**AIM OF THE TASK**:
Everything in the records must be copied exactly, apart from the pictures.

::: DATA TO EXAMINE :::

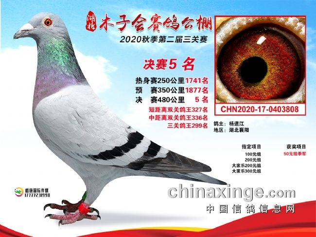 湖北木子会公棚2020年秋加站赛获奖鸽 1—50名
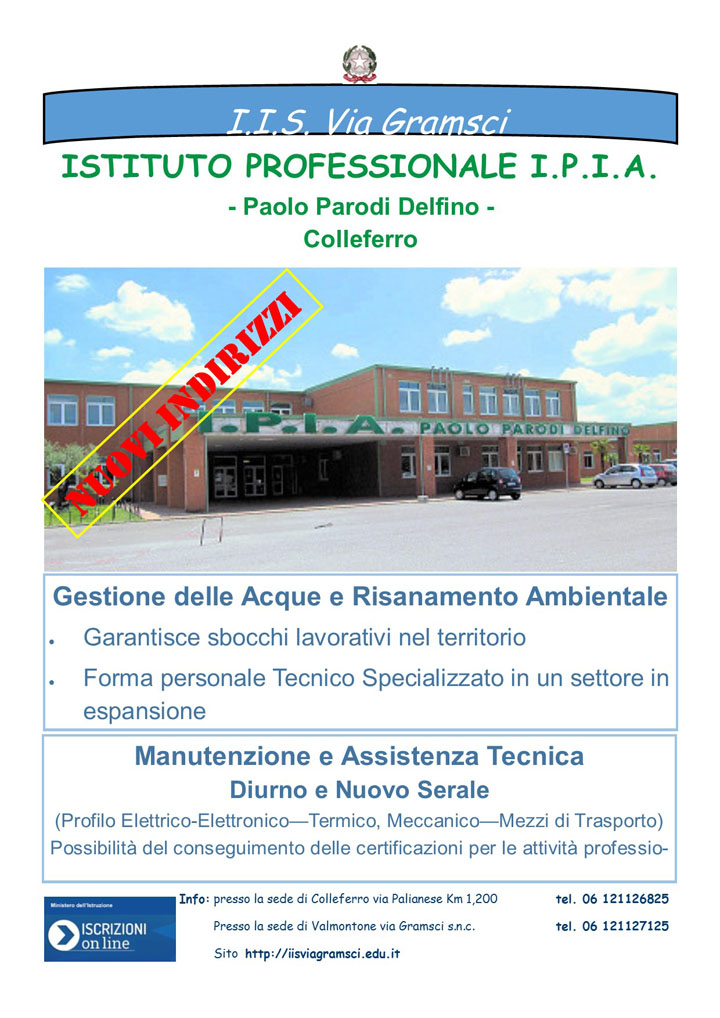Sono stati attivati nella sede dell’Istituto Professionale Ipia “Paolo Parodi Delfino” di Colleferro nuovi percorsi davvero innovativi e rispondenti alle richieste formative del territorio, come “Gestione delle acque e risanamento ambientale”, un indirizzo di studi che forma tecnici specializzati in un settore in forte espansione e di grande importanza, e il Corso serale di Manutenzione e Assistenza Tecnica, che permette il conseguimento del Diploma di Stato ad adulti che intendono migliorare la propria condizione lavorativa o che desiderano reinserirsi nel mondo del lavoro in maniera più qualificata.
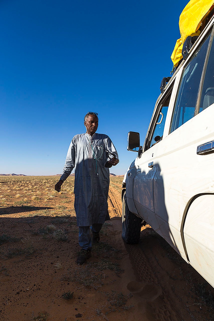 • Local guide Haraoun with mobile phone at Terkei Cave, Ennedi Mountains, northeastern Chad
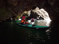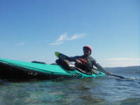| ■インプレッション(1)〜概要 遠征に使うフォールディング・カヤックとして名前を挙げるなら、真っ先にこのK1 Exp.の名前が出てくる事でしょう。実際所有してみて、実に良くできたカヤックだと思います。カサラノに比べてフレーム構成はシンプル。しかし部材寸法が大きくなっているので、かなり丈夫になっております。デッキの上に腰掛けられるくらいです。 横幅が63cmもあること、全体のボリュームも大きいことなどから、かなり安定感があります。しかし、シートが高めにセッティングされていますので、意外に傾け易くなっています。外傾リーンも可能ですが、カサラノやリジット艇に比べると、倒す方が大変。小回りは内傾の方が回しやすいです。 上記のように書くと操りにくいカヤックのように思えますが、実はそんな事もありません。上級者が乗ると、外傾リーンは勿論、波乗りも自由にこなしてみえました。 安定性が高い艇ですので、グリーンランダー500MKIIIのように足が遅いかと言うと、そうでもありません。やはり遠征に適したカヤックと言う事でしょう。 |
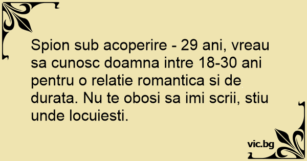 Spion sub acoperire - 29 ani, vreau sa cunosc doamna intre 18-30 ani pentru o relatie romantica si de durata. Nu te obosi sa imi scrii, stiu unde locuiesti.

:::

**EXERCISE RESPONSE**:
 湖北木子会公棚2020年秋加站赛获奖鸽 1—50名
Sono stati attivati nella sede dell’Istituto Professionale Ipia “Paolo Parodi Delfino” di Colleferro nuovi percorsi davvero innovativi e rispondenti alle richieste formative del territorio, come “Gestione delle acque e risanamento ambientale”, un indirizzo di studi che forma tecnici specializzati in un settore in forte espansione e di grande importanza, e il Corso serale di Manutenzione e Assistenza Tecnica, che permette il conseguimento del Diploma di Stato ad adulti che intendono migliorare la propria condizione lavorativa o che desiderano reinserirsi nel mondo del lavoro in maniera più qualificata.
 • Local guide Haraoun with mobile phone at Terkei Cave, Ennedi Mountains, northeastern Chad
| ■インプレッション(1)〜概要 遠征に使うフォールディング・カヤックとして名前を挙げるなら、真っ先にこのK1 Exp.の名前が出てくる事でしょう。実際所有してみて、実に良くできたカヤックだと思います。カサラノに比べてフレーム構成はシンプル。しかし部材寸法が大きくなっているので、かなり丈夫になっております。デッキの上に腰掛けられるくらいです。 横幅が63cmもあること、全体のボリュームも大きいことなどから、かなり安定感があります。しかし、シートが高めにセッティングされていますので、意外に傾け易くなっています。外傾リーンも可能ですが、カサラノやリジット艇に比べると、倒す方が大変。小回りは内傾の方が回しやすいです。 上記のように書くと操りにくいカヤックのように思えますが、実はそんな事もありません。上級者が乗ると、外傾リーンは勿論、波乗りも自由にこなしてみえました。 安定性が高い艇ですので、グリーンランダー500MKIIIのように足が遅いかと言うと、そうでもありません。やはり遠征に適したカヤックと言う事でしょう。 |
 Spion sub acoperire - 29 ani, vreau sa cunosc doamna intre 18-30 ani pentru o relatie romantica si de durata. Nu te obosi sa imi scrii, stiu unde locuiesti.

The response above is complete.